The global real estate situation is far from perfect, but it appears to be on the mend, according to 2010 Global Real Estate Markets Annual Review And Outlook, an overview of the major commercial real estate markets worldwide, just published by Newmark. The report notes that at the start of 2009, nearly every office market in the world was in the midst of a period of weak occupier demand, plunging rents, and rising vacancies, with many observers foreseeing a prolonged depression. As the year progressed, however, some markets showed early signs of recovery, while others continued to suffer.
Recovery in occupier and investment activity can be anticipated during 2010, the report states, but different markets show different prospects, with some previously prosperous areas showing vulnerability. In the U.S., the implementation of various Federal initiatives held the larger banks afloat and returned some stability to the market. The balance between inflation and deflation moved forward precariously as the expansion of the money supply was offset by lower overall demand and increasing unemployment. Despite bank lending declines of magnitude last experienced in the 1940s, and virtually no CMBS issuance, the real estate market has raised liquidity through REITs, private equity and closed-end funds at a blistering rate. A significant portion of assets remain impaired on a loan-to-value basis, continuing to create a large spread from bid-to-ask. Ultimately, the report concludes, these market conditions present the landscape for unique investment and leasing opportunities and a new frontier for the market in 2010.
The European economy began 2009 in very bad shape, with the Eurozone contracting by 2.4% in the first quarter of the year. Since then, Europe has been on a gradual but faltering path to recovery. Germany and France both began to grow in Q2, while countries including Italy, Belgium and the Netherlands followed suit in Q3. Others have lagged behind. The United Kingdom only came out of recession in Q4, while Spain continued to contract. Overall, the Eurozone is estimated to have contracted by 4.1% in 2009, while the U.K.’s gross domestic product (GDP) fell by 4.9%.

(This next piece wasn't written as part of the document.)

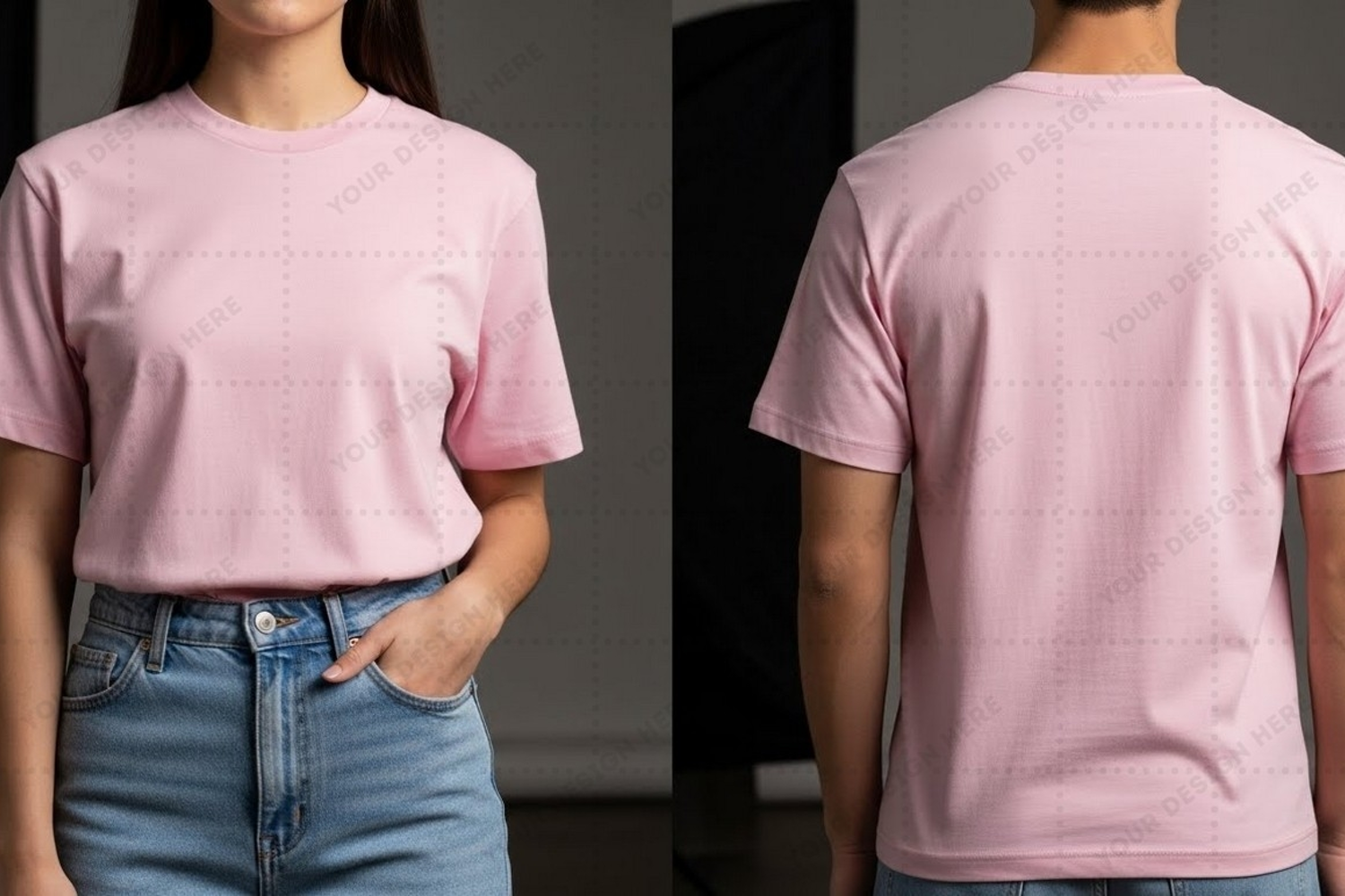 Fashion T-shirt Clothing Apparel Jeans Front View Back View Mockup Design Casual Wear Pink T-shirt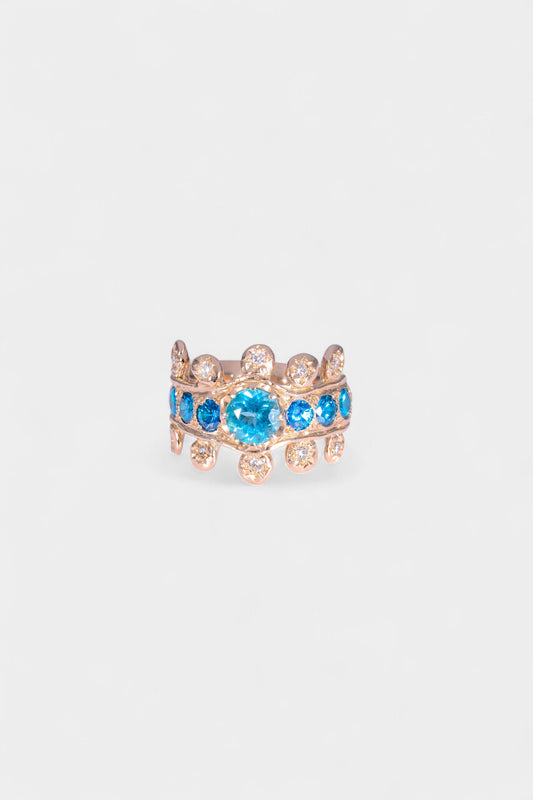 For the luna creatures, gold brass moon on a solid sterling silver ring.

The economies of most Asia-Pacific countries came back pretty well in the second half of 2009. The International Monetary Fund estimates that Asia-Pacific’s GDP grew by 2.5% in 2009, though there were considerable variations within the region. China and India have continued to be the main sources of growth, both seeing a relatively mild slowing.

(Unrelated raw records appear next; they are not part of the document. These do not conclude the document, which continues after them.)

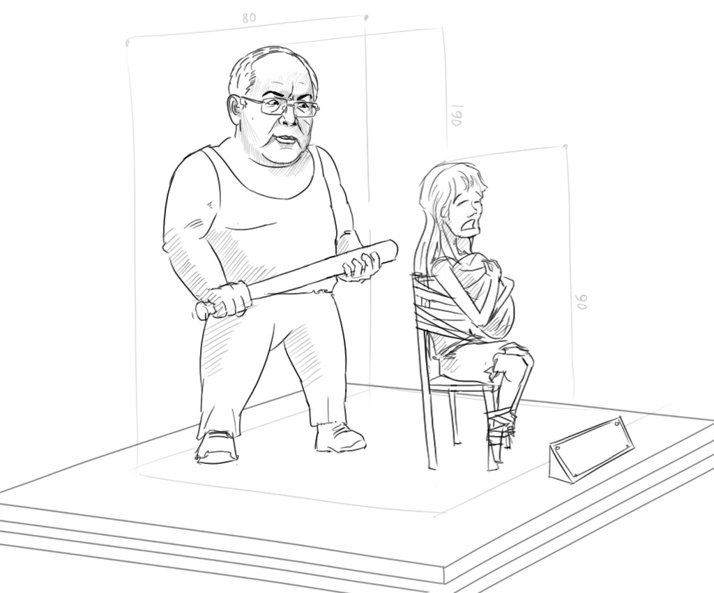 Авторы идеи подготовили три разных проекта памятника. Моделью для статуи коллектора послужил владелец коллекторского агентства «Центр долговой безопасности» Леонид Гункевич.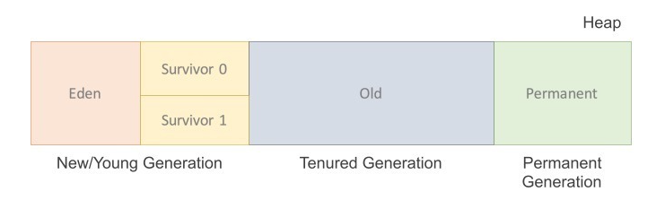 Heap 영역은 Young Generation, Old Generation, PermGen 또는 Metaspace 영역으로 나뉘어진다.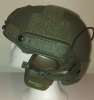 Sie kaufen hier einen kugelsicheren Gefechtshelm mit elektronischen Gehörschutz in Oliv.
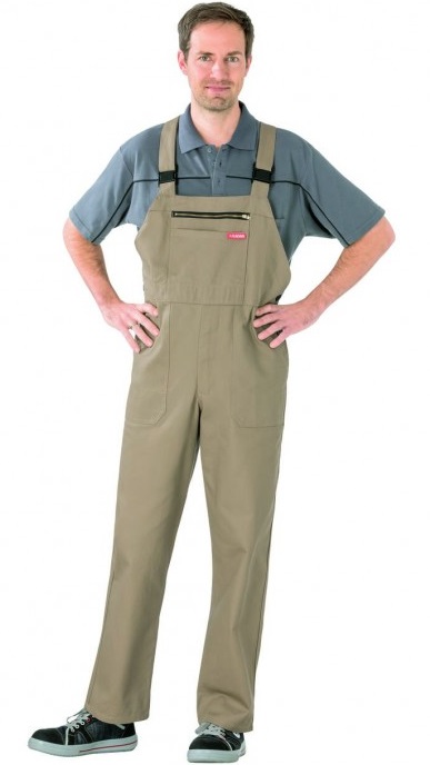 Bib with brass zip, additional patch bib pocket, 2 reinforced patch front pockets, 1 back pocket, 1 ruler pocket, adjustable side slits, fly with zip, raised back with solidly constructed elastic intermediate part, safety buckles on the straps.

Dubai is currently the most eventful market in the Middle East. The opening of its Burj Khalifa skyscraper in January marked the culmination of a decade of intense development in that region, but much of this development has been founded on troubling levels of debt.
The complete report is available on the firm’s website at www.newmarkkf.com.
About Newmark
Newmark is one of the largest independent real estate service firms in the world. Headquartered in New York, Newmark and London-based partner Knight Frank operate from over 200 offices in established and emerging property markets on six continents. Last year, transactions were valued at more than $32 billion with annual revenues of over $811 million. With a combined staff of more than 6,300, this major force in real estate is meeting the local and global needs of owners, tenants, investors and developers worldwide. For further information, visit www.newmarkkf.com.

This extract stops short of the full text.